Study material:
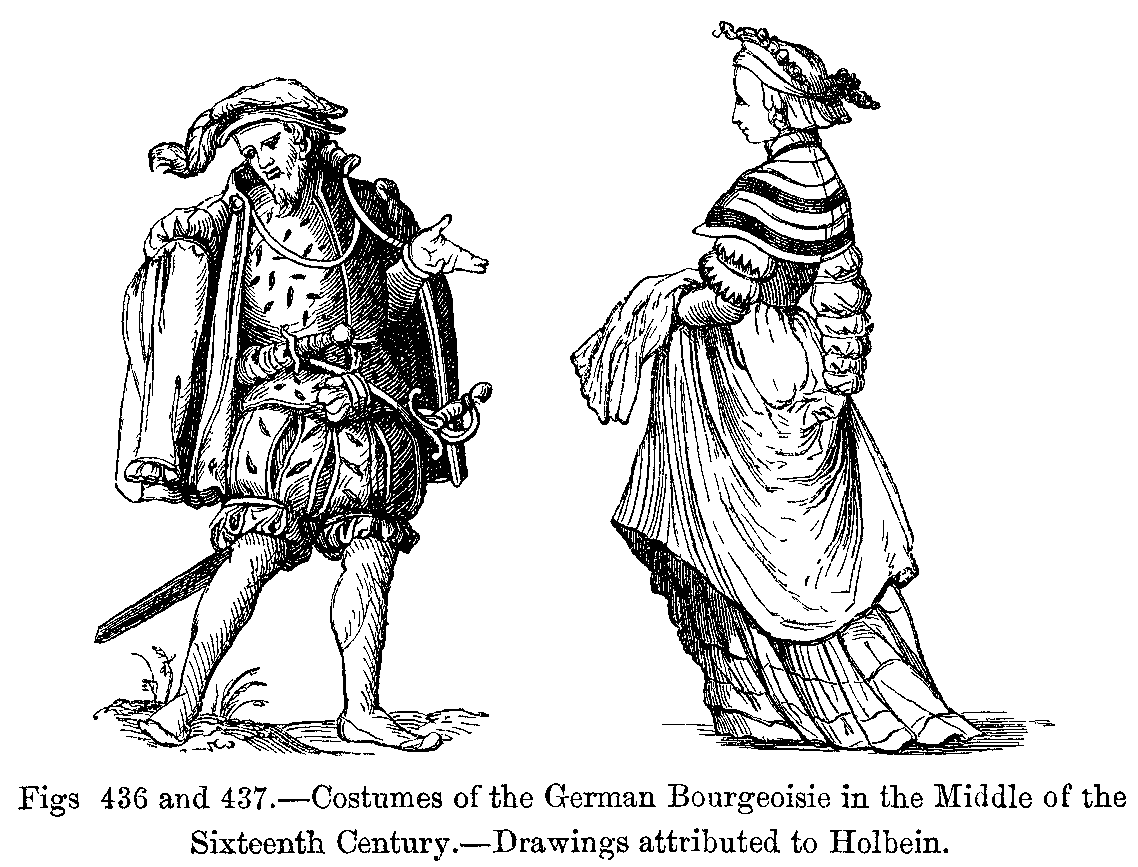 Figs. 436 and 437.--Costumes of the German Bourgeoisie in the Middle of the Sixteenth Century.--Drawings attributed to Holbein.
---
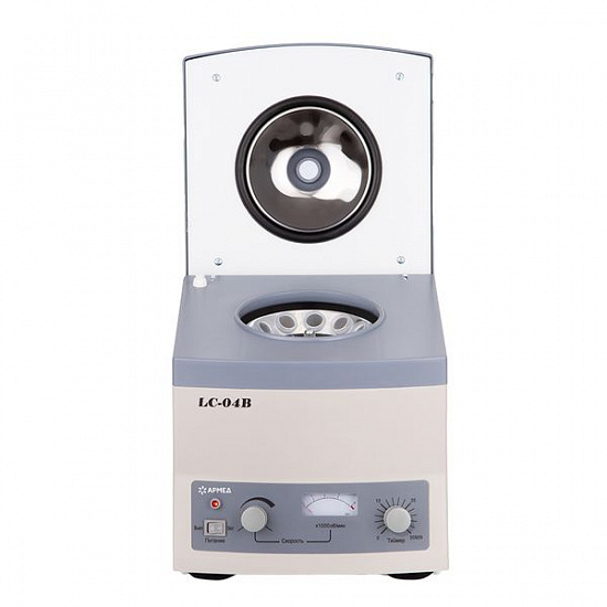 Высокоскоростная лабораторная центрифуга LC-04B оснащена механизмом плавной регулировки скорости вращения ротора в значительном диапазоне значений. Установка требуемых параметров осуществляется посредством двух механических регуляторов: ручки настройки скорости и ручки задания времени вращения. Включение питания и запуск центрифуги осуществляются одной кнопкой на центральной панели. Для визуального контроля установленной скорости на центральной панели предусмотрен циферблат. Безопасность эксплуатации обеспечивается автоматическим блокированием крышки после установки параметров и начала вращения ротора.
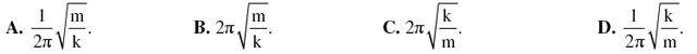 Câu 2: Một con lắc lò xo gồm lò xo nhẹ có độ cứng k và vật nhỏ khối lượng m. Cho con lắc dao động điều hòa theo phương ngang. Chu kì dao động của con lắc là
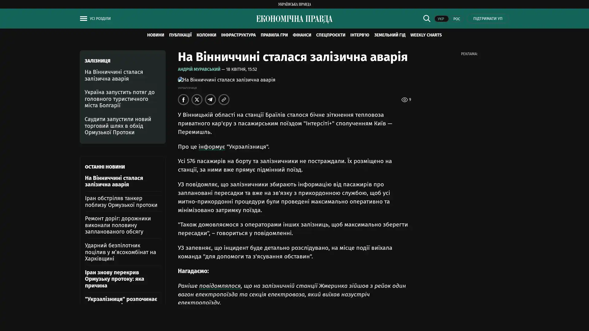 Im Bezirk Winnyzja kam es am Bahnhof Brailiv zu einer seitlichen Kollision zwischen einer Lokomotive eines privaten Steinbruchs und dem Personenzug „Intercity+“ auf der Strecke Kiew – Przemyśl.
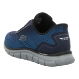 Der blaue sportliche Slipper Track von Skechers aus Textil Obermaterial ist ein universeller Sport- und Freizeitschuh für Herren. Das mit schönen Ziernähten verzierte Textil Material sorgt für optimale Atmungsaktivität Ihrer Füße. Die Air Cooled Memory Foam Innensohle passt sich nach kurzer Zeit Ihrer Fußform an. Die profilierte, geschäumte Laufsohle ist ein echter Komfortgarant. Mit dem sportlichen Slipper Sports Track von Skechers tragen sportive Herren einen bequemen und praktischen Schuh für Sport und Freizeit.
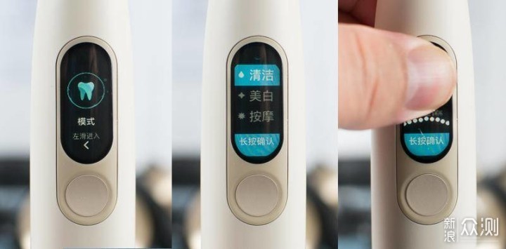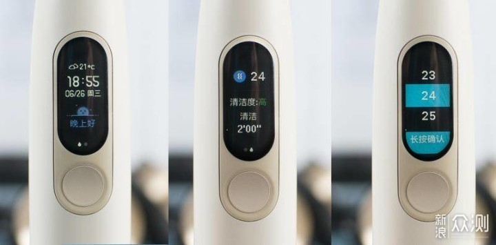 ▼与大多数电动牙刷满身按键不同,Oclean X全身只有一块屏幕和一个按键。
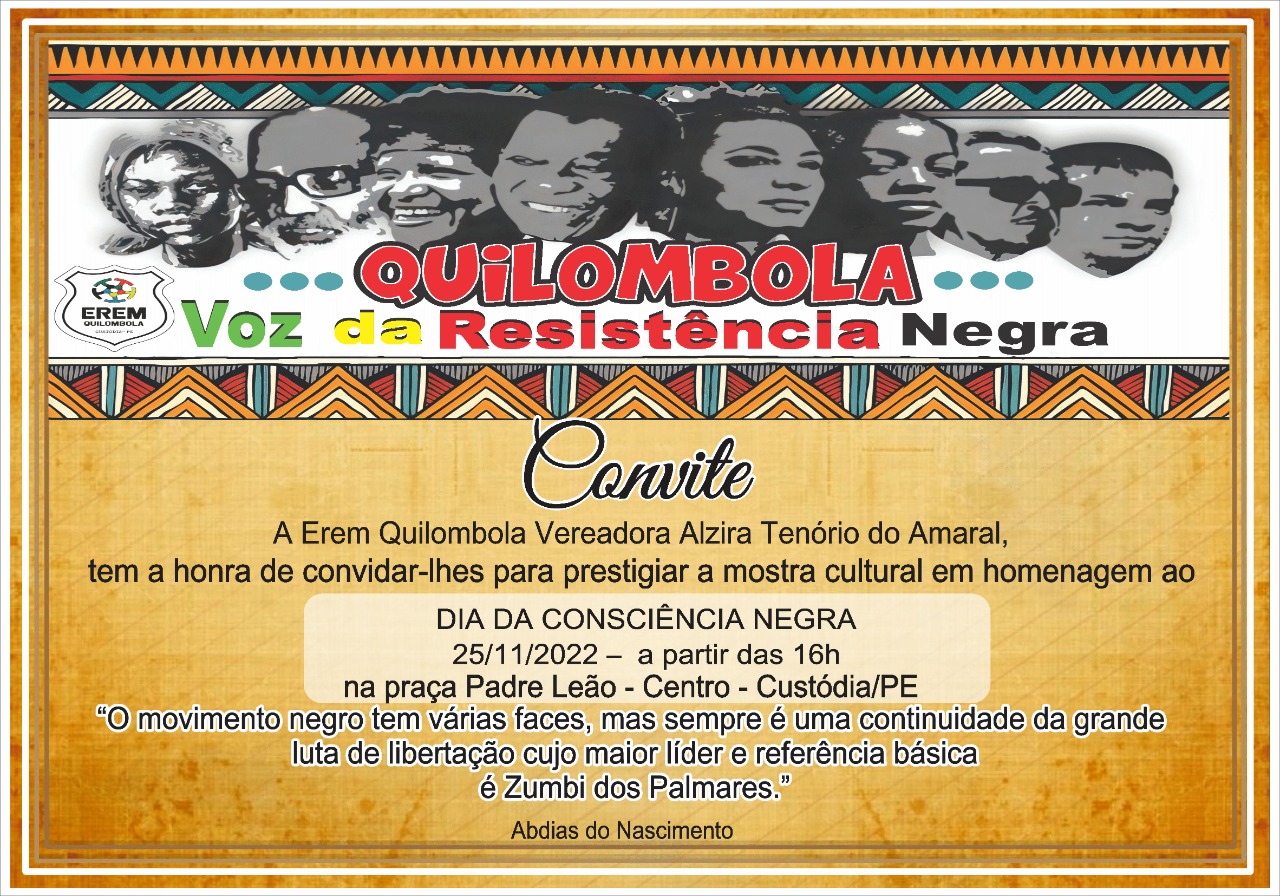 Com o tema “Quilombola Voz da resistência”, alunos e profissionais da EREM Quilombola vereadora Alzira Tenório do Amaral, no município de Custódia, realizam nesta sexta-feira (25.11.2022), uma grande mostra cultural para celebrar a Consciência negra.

About this task:
In the data above, find the line containing "Câu 2: Một con" and the line containing "Im Bezirk Winnyzja". Repeat those two lines and everything between them exactly, minus the pictures.

Answer to the problem:
 Câu 2: Một con lắc lò xo gồm lò xo nhẹ có độ cứng k và vật nhỏ khối lượng m. Cho con lắc dao động điều hòa theo phương ngang. Chu kì dao động của con lắc là
 Im Bezirk Winnyzja kam es am Bahnhof Brailiv zu einer seitlichen Kollision zwischen einer Lokomotive eines privaten Steinbruchs und dem Personenzug „Intercity+“ auf der Strecke Kiew – Przemyśl.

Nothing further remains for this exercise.